What this task involves: Search the records for "will". Report every line where it occurs.

Available data:
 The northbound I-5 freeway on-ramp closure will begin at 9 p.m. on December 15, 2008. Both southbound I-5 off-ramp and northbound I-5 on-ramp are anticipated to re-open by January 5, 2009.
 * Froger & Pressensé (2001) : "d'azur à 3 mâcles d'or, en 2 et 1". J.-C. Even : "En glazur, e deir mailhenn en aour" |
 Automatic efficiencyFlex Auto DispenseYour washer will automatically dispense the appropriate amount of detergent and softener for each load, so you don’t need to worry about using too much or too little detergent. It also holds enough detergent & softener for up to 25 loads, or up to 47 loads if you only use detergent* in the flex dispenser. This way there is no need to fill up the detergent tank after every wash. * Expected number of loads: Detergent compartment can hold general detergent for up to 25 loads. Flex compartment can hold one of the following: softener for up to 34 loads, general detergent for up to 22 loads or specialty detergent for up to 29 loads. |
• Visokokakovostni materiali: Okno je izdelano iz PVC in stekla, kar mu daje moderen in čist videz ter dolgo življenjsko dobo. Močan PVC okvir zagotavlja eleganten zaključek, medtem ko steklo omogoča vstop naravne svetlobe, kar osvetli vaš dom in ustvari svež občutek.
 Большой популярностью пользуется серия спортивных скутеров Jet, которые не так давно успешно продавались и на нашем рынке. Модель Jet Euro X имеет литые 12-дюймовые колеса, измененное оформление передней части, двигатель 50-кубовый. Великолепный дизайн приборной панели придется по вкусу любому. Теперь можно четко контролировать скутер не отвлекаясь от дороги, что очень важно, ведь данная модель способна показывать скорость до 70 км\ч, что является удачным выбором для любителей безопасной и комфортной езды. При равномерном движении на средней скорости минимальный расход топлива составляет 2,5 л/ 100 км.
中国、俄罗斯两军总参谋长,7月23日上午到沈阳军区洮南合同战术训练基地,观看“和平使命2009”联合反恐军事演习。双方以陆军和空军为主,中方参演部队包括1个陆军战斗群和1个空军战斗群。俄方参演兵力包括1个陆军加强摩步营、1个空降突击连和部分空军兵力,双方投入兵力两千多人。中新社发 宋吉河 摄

--

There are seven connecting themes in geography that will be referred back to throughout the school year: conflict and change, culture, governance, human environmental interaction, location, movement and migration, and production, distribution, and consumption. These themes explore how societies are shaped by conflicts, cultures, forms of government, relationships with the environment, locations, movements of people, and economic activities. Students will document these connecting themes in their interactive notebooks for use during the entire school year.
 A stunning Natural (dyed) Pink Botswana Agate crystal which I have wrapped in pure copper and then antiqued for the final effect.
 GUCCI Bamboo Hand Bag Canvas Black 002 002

Solution to the problem:
 The northbound I-5 freeway on-ramp closure will begin at 9 p.m. on December 15, 2008. Both southbound I-5 off-ramp and northbound I-5 on-ramp are anticipated to re-open by January 5, 2009.
 Automatic efficiencyFlex Auto DispenseYour washer will automatically dispense the appropriate amount of detergent and softener for each load, so you don’t need to worry about using too much or too little detergent. It also holds enough detergent & softener for up to 25 loads, or up to 47 loads if you only use detergent* in the flex dispenser. This way there is no need to fill up the detergent tank after every wash. * Expected number of loads: Detergent compartment can hold general detergent for up to 25 loads. Flex compartment can hold one of the following: softener for up to 34 loads, general detergent for up to 22 loads or specialty detergent for up to 29 loads. |
There are seven connecting themes in geography that will be referred back to throughout the school year: conflict and change, culture, governance, human environmental interaction, location, movement and migration, and production, distribution, and consumption. These themes explore how societies are shaped by conflicts, cultures, forms of government, relationships with the environment, locations, movements of people, and economic activities. Students will document these connecting themes in their interactive notebooks for use during the entire school year.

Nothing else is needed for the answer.